Greenpeace: Despite falling coal consumption, China could add as many as four idle coal power plants per week.

Press release - 2015-11-11
Beijing, 11 November, 2015 – A Greenpeace East Asia investigation has found that a total of 155 coal fired power plants, or four per week, have received environmental permits in the first nine months of this year. With power generation from coal falling, and an already severe overcapacity problem, the coal fired power plants will do nothing but add debt burden and idle capacity [1]. If they do go into operation, however, they would have significant environmental and health impacts. Greenpeace East Asia calls for an immediate ban on issuing permits to new coal-fired power plants.

“As coal consumption declines and China steps up its climate commitments, state owned companies are blindly investing in a polluting, water intensive and outmoded form of power generation. Money which should be invested in renewables is simply being poured down the drain,” said Lauri Myllyvirta, Senior Global Campaigner on coal.

The total expenditure on the 155 projects could reach an estimated 470 billion rmb and add up to 40% to the current debt of the state owned companies involved.

If they go into operation, the power plants would have serious environmental and health consequences. The 155 plants would emit an annual quantity of CO2 equivalent to 6% of China’s current emissions and seriously exacerbate water scarcity issues. Moreover, air pollution emissions would add to cases of asthma and chronic bronchitis and increase the death toll from air pollution by an estimated 6,100 every year. This would mean 150,000 premature deaths over the typical coal power plant operating life of 24 years.

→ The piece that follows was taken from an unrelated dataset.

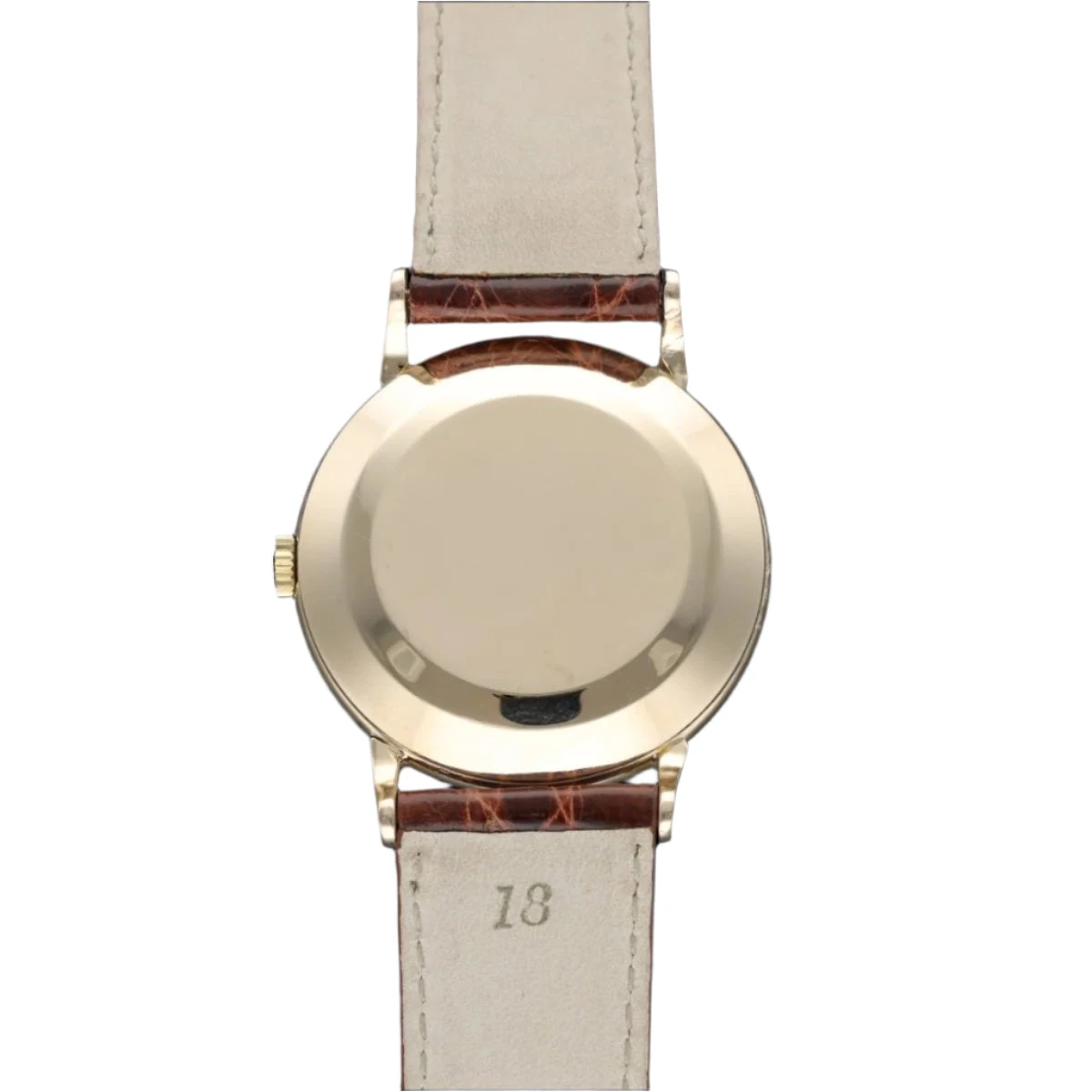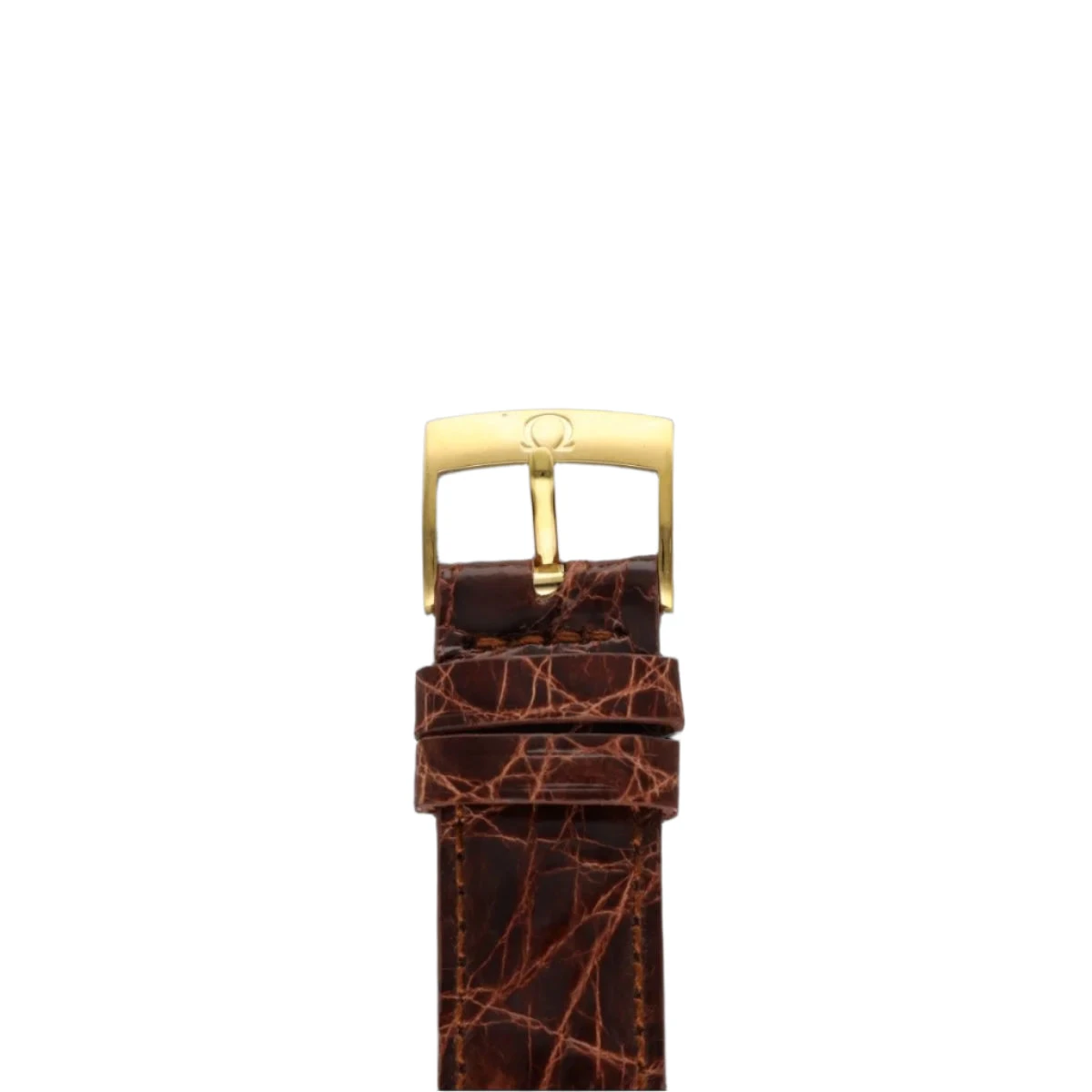 Montre OMEGA vintage de 1961, dotĂ©e d’un mouvement automatique calibre 501, rĂ©putĂ© pour sa prĂ©cision et sa fiabilitĂ©. Le boĂ®tier en laminĂ© or 20 microns, d’un diamètre de 35 mm, conserve ses proportions classiques et Ă©lĂ©gantes. Elle est montĂ©e sur un bracelet avec boucle ardillon signĂ©e Omega, soulignant son authenticitĂ©.Â

Researchers at the China Electricity Council and the government-affiliated Energy Research Institute already acknowledge the overcapacity problem and have called for a slowdown in construction [2]. The lack of market forces and government attempts to boost spending mean, however, that there are still strong incentives for state-owned energy companies to invest in what will be idle power plants.

Greenpeace East Asia demands that central government immediately institute a ban on issuing new permits for coal-fired power plants, review permits issued at provincial level and cancel all permits for projects in regions with overcapacity. Greenpeace East Asia also calls on the government to include a binding national coal consumption cap in the upcoming 13th Five Year Plan in order to consolidate China’s shift away from coal.

Notes:

1: For the first time in the almost four decades during which China has published energy statistics, utilization rate of China’s thermal generating capacity was below 50% in the first nine months of this year. Thermal power generation in 2015 will be at the same level as in 2011. Regardless, an astonishing 190GW of thermal power capacity has since been added, creating a serious overcapacity problem.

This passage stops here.